• _Provided records_:
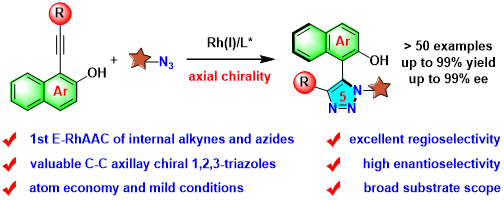 此项工作以《Enantioselective Rh-Catalyzed Azide-Internal-Alkyne Cycloaddition for Construction of Axially Chiral 1,2,3-Triazoles》近期发表在Journal of the American Chemical Society (Pub Date:2022-3-3, DOI:10.1021/jacs.2c01456)上,温州大学作为第一单位,邓超,钱鹏程,李龙为通讯作者。
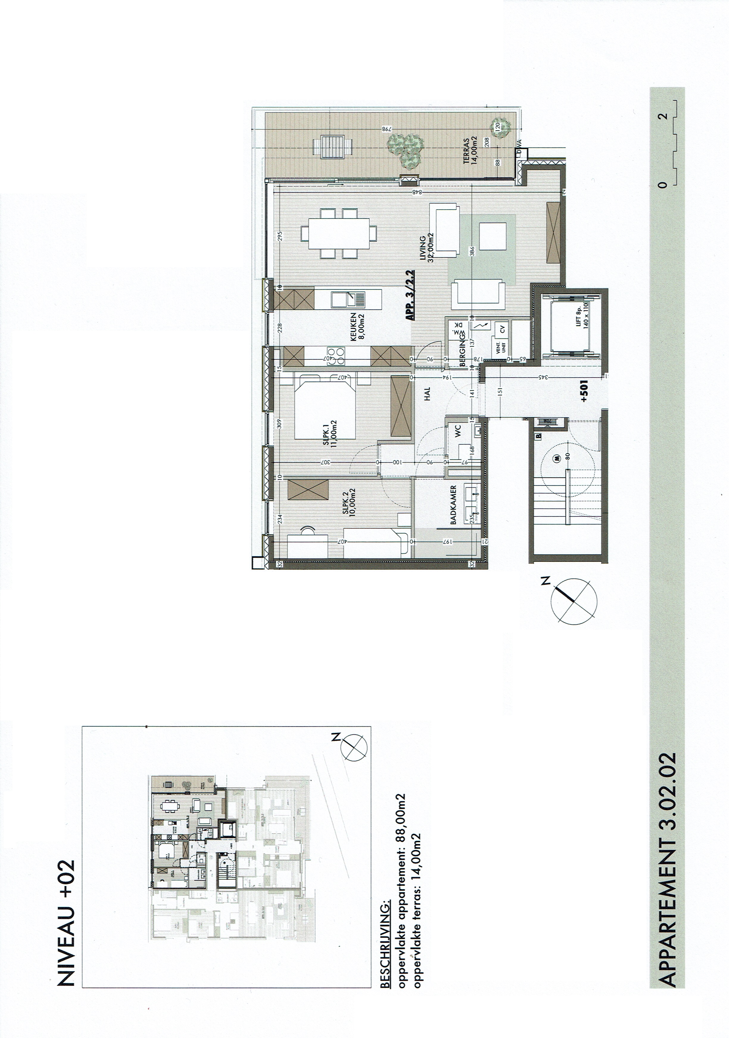 Je betreedt het appartement in de inkomhal waar je meteen ook de handige berging vindt. Hier is plaats voor wasmachine en droogkast. De grote raampartij in de leefruimte geeft je een fantastische lichtinval. Van hieruit stap je zo op het oostgerichte terras en geniet je van de ochtendzon, de groene bomen of de voorbijvarende boten. De open keuken werd voorzien van alle toestellen (vaatwasser, combi-oven, inductiekookplaat en koelkast). Het slaapgedeelte telt 2 slaapkamers en een badkamer met douche, wastafel en handdoekwarmer.
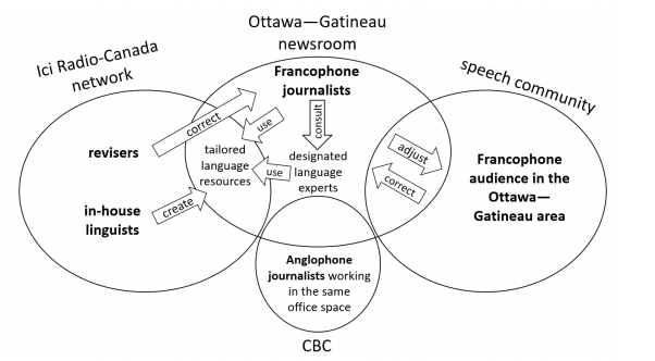 The “language expertise” (Rampton 1990) is distributed within the newsroom to a few journalists chosen through hierarchy. Ici Radio-Canada’s audience also continuously assess the language expertise of all journalists producing content for the French-speaking network.
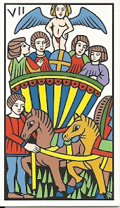 I first encountered the Budapest deck in the Los Angeles Folk Art Museum where Robert Place curated a tarot exhibit in 2010. Place’s cards are drawn with smooth heavy lines, then filled in with luminous color. Place took some minor liberties with the original cards, but the clarity of the images is superb. The Chariot was partly sliced off on the original sheet and had to be recreated. Place’s Chariot is unique in having the horses face the same direction with a servant holding the bridle.
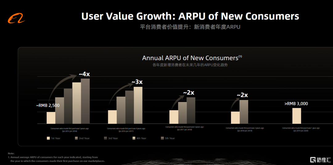 从这一组数据可以看出,阿里平台的价值,是如何一步步体现在用户的交易数据之中的。
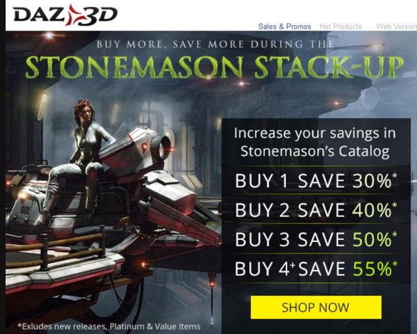 Yes, last November his store was on a 50% sale, right around the time another one of Daz's crazy tiered sales was ending. All those that reached the top tier got a 40% or 50% off coupon which worked on all the PA stores that were in the sale. Stonemason's was one of those. So it was over 70% off but that is the only time I've seen it that high.
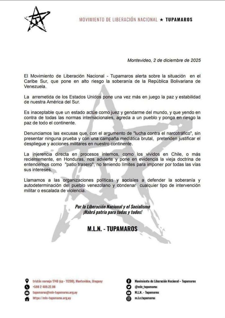 Caracas, 2 de diciembre de 2025: El Movimiento de Liberación Nacional Tupamaros emitió un comunicado donde alerta sobre la situación en el Caribe Sur, que pone en alto riesgo la soberanía de la República Bolivariana de Venezuela. La arremetida de los Estados Unidos pone una vez más en juego la paz y estabilidad de nuestra América del Sur.
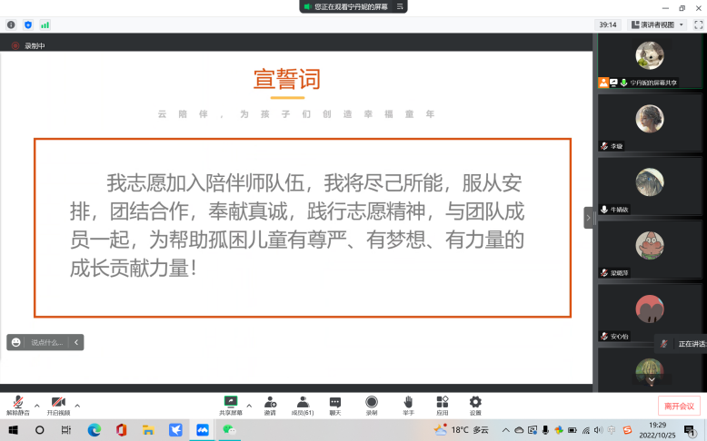 会议临近尾声,宁丹妮带领陪伴师们进行线上宣誓,宣誓词字字有声,象征着大家对于未来陪伴活动的热切希望与信心。会议结束后,工作人员将相关资料公示,许多同学表示自己会自觉进行资料的回顾与二次学习,并认为该项目与自身专业十分契合,对未来实践感到信心满满。
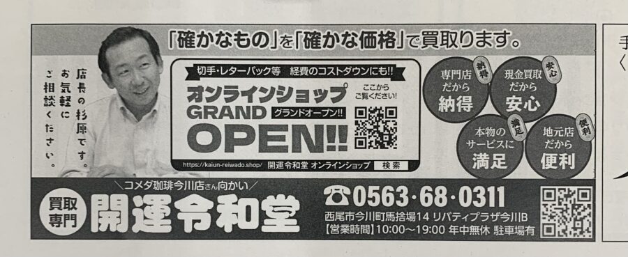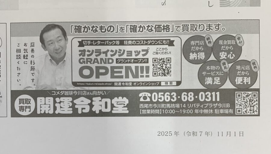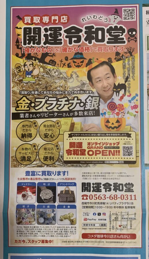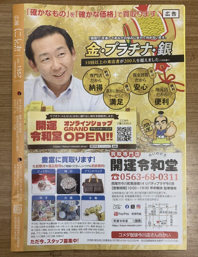 地域情報誌「西尾グッチラ 9/26号」に、当店 買取専門店 開運令和堂 が掲載されました!
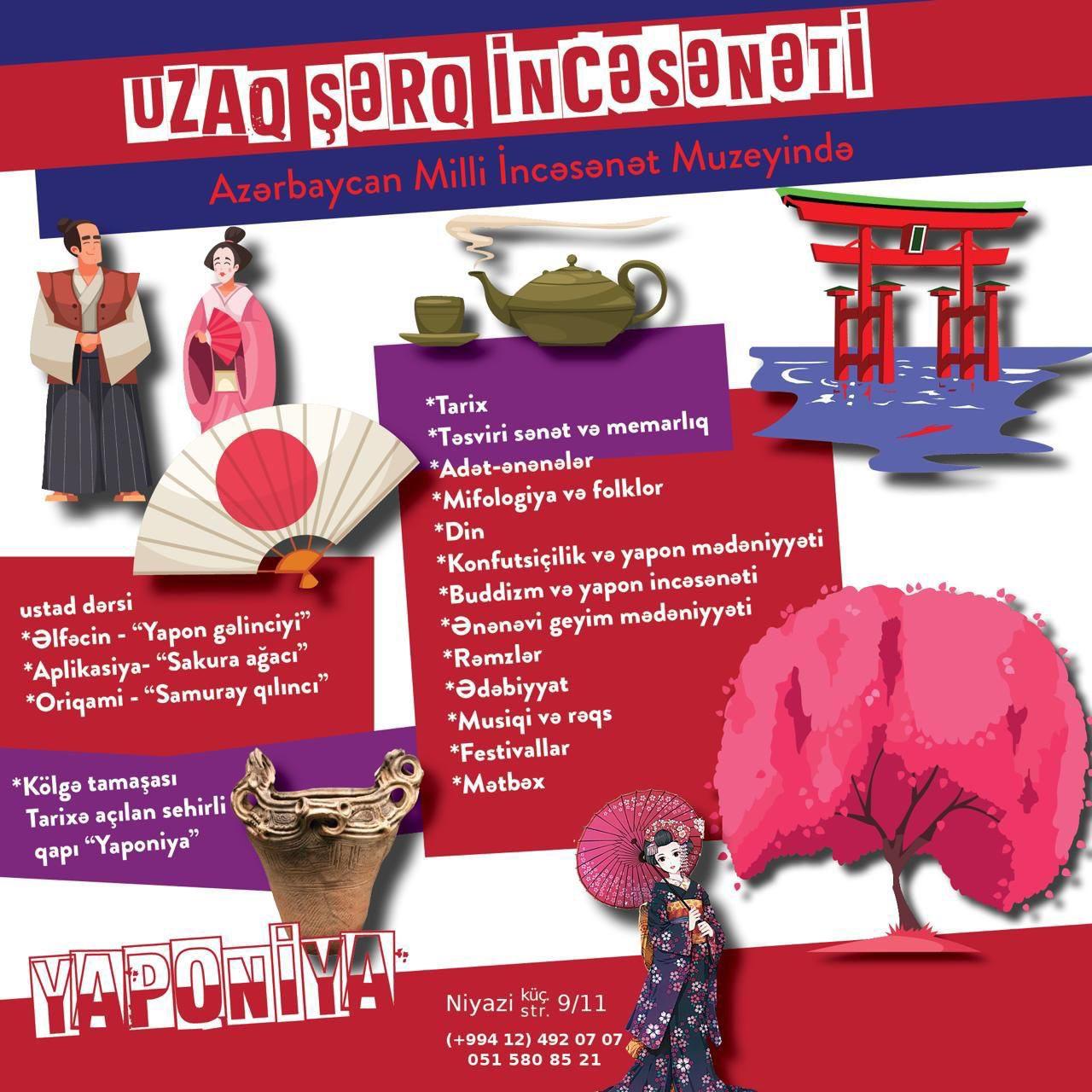 “Uşaqlar üçün incəsənət tarixi” layihəsi çərçivəsində bu həftə məktəbli və məktəbəqədər dostlarımızı Uzaq Şərq incəsənətinə – Gündoğar ölkə Yaponiya və qədim tarixə malik Çinə maraqlı səyahət gözləyir.

• _Exercise requirements_:
Please print the data above once more, exactly as it appears, with no pictures.

• _Answer section_:
 此项工作以《Enantioselective Rh-Catalyzed Azide-Internal-Alkyne Cycloaddition for Construction of Axially Chiral 1,2,3-Triazoles》近期发表在Journal of the American Chemical Society (Pub Date:2022-3-3, DOI:10.1021/jacs.2c01456)上,温州大学作为第一单位,邓超,钱鹏程,李龙为通讯作者。
 Je betreedt het appartement in de inkomhal waar je meteen ook de handige berging vindt. Hier is plaats voor wasmachine en droogkast. De grote raampartij in de leefruimte geeft je een fantastische lichtinval. Van hieruit stap je zo op het oostgerichte terras en geniet je van de ochtendzon, de groene bomen of de voorbijvarende boten. De open keuken werd voorzien van alle toestellen (vaatwasser, combi-oven, inductiekookplaat en koelkast). Het slaapgedeelte telt 2 slaapkamers en een badkamer met douche, wastafel en handdoekwarmer.
 The “language expertise” (Rampton 1990) is distributed within the newsroom to a few journalists chosen through hierarchy. Ici Radio-Canada’s audience also continuously assess the language expertise of all journalists producing content for the French-speaking network.
 I first encountered the Budapest deck in the Los Angeles Folk Art Museum where Robert Place curated a tarot exhibit in 2010. Place’s cards are drawn with smooth heavy lines, then filled in with luminous color. Place took some minor liberties with the original cards, but the clarity of the images is superb. The Chariot was partly sliced off on the original sheet and had to be recreated. Place’s Chariot is unique in having the horses face the same direction with a servant holding the bridle.
 从这一组数据可以看出,阿里平台的价值,是如何一步步体现在用户的交易数据之中的。
 Yes, last November his store was on a 50% sale, right around the time another one of Daz's crazy tiered sales was ending. All those that reached the top tier got a 40% or 50% off coupon which worked on all the PA stores that were in the sale. Stonemason's was one of those. So it was over 70% off but that is the only time I've seen it that high.
 Caracas, 2 de diciembre de 2025: El Movimiento de Liberación Nacional Tupamaros emitió un comunicado donde alerta sobre la situación en el Caribe Sur, que pone en alto riesgo la soberanía de la República Bolivariana de Venezuela. La arremetida de los Estados Unidos pone una vez más en juego la paz y estabilidad de nuestra América del Sur.
 会议临近尾声,宁丹妮带领陪伴师们进行线上宣誓,宣誓词字字有声,象征着大家对于未来陪伴活动的热切希望与信心。会议结束后,工作人员将相关资料公示,许多同学表示自己会自觉进行资料的回顾与二次学习,并认为该项目与自身专业十分契合,对未来实践感到信心满满。
 地域情報誌「西尾グッチラ 9/26号」に、当店 買取専門店 開運令和堂 が掲載されました!
 “Uşaqlar üçün incəsənət tarixi” layihəsi çərçivəsində bu həftə məktəbli və məktəbəqədər dostlarımızı Uzaq Şərq incəsənətinə – Gündoğar ölkə Yaponiya və qədim tarixə malik Çinə maraqlı səyahət gözləyir.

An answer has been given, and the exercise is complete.